Exercise directions: The line containing "lush forest backdrop" marks the end: extract everything from the first line of the data through that line, exactly, with no pictures.

Data block:
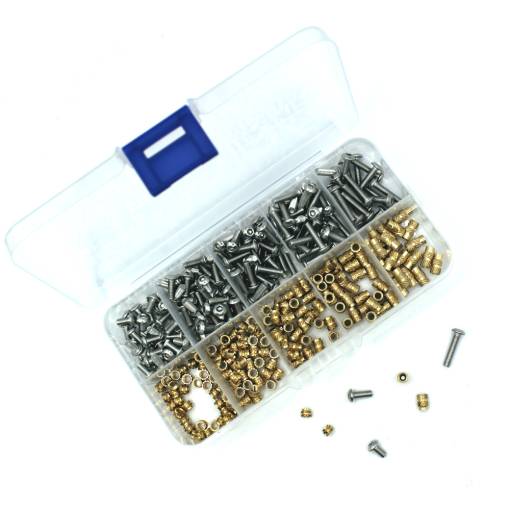 Sada zápustných vložiek so závitmi M3 a skrutkami so slušnou inbusovou hlavou pre všestranné využitie v najrôznejších projektoch a 3D tlači.
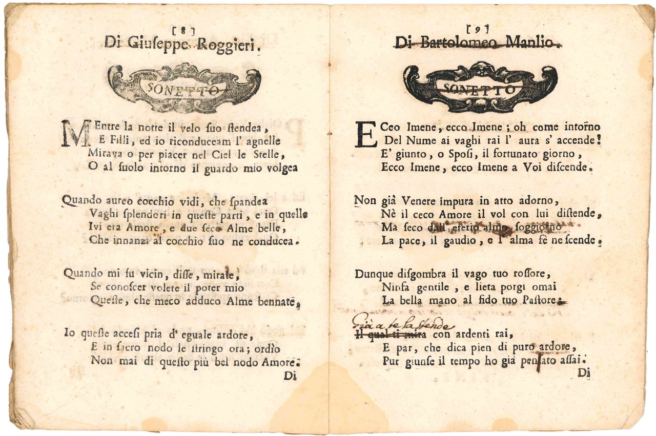 In 8vo (mm. 187x140). Pp. 11, [1 bianca]. La raccolta di sonetti di tema amoroso ed epitalamico di autori vari: Cesare Bulgarini, Vincenzo Pangrazi, Giuseppe Fassitelli, Tommaso Panurghi, Antonio Matteucci, Giuseppe Roggieri, Bartolomeo e Michele Manlio. I sonetti seontti del Manlio (pp. 9/10) presentano interessanti correzioni manoscritte coeve. Frontespizio con xilografia di un putto e motivi decorativi. Brossura coeva (leggermente brunita e con alcune macchie). Leggere fioriture e lievi aloni.
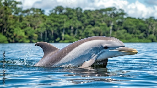 © SUTRININGSIH, Naklejka premium Dolphin emerging from water, lush forest backdrop
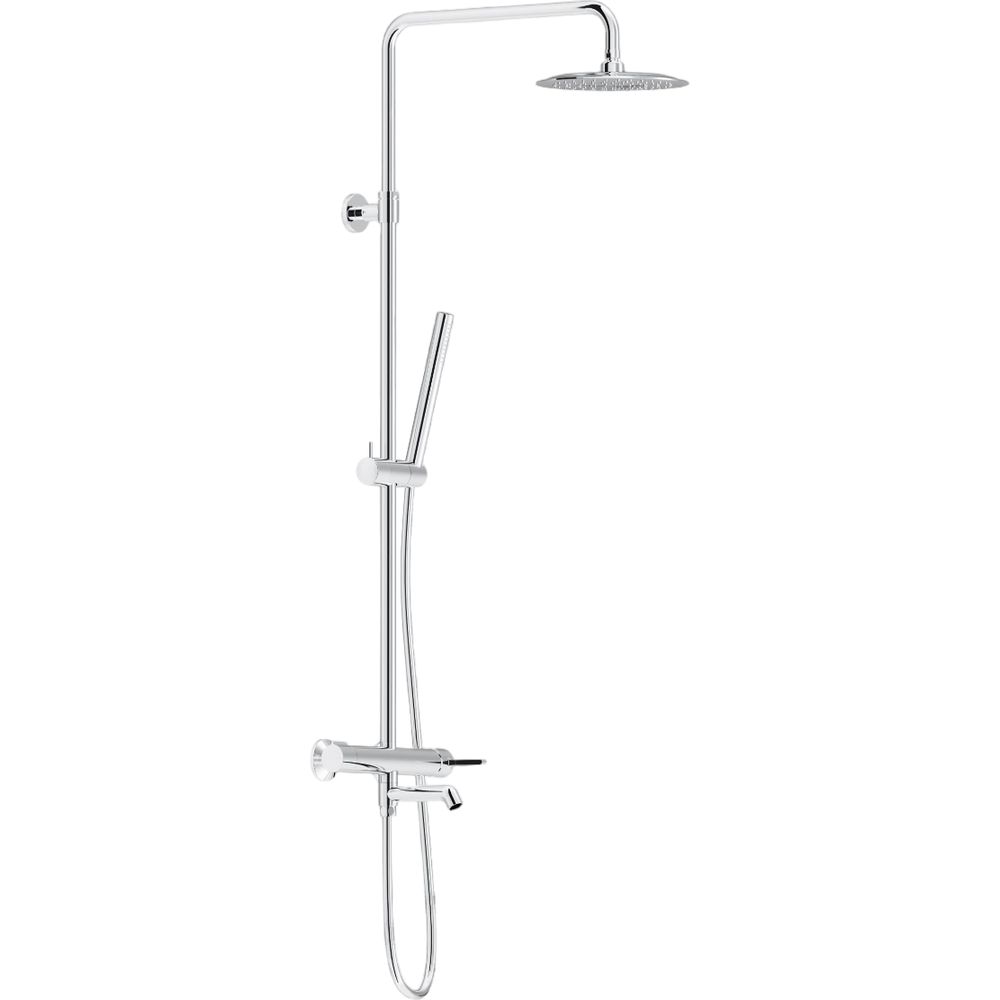 Высота стойки составляет 145 см, что оптимально для стандартной ванной комнаты. В основе конструкции — латунь и пластик, что обеспечивает прочность и легкость (всего 2.5 кг). Верхний душ диаметром 25 см с вылетом 44.5 см обеспечивает огромное покрытие для комфортного водопадного эффекта. Ручная лейка в 5.4 см имеет один режим струи, что идеально подходит для быстрого освежающего душа. Благодаря поворотному изливу длиной 19.4 см вы можете легко переключаться между ручной лейкой и тропическим душем. Длина пластикового шланга составляет 175 см, а специальные подшипники предотвращают его перекручивание. Система оснащена клапаном защиты от обратного потока и ограничителем температуры для безопасного использования.

Response below:
 Sada zápustných vložiek so závitmi M3 a skrutkami so slušnou inbusovou hlavou pre všestranné využitie v najrôznejších projektoch a 3D tlači.
 In 8vo (mm. 187x140). Pp. 11, [1 bianca]. La raccolta di sonetti di tema amoroso ed epitalamico di autori vari: Cesare Bulgarini, Vincenzo Pangrazi, Giuseppe Fassitelli, Tommaso Panurghi, Antonio Matteucci, Giuseppe Roggieri, Bartolomeo e Michele Manlio. I sonetti seontti del Manlio (pp. 9/10) presentano interessanti correzioni manoscritte coeve. Frontespizio con xilografia di un putto e motivi decorativi. Brossura coeva (leggermente brunita e con alcune macchie). Leggere fioriture e lievi aloni.
 © SUTRININGSIH, Naklejka premium Dolphin emerging from water, lush forest backdrop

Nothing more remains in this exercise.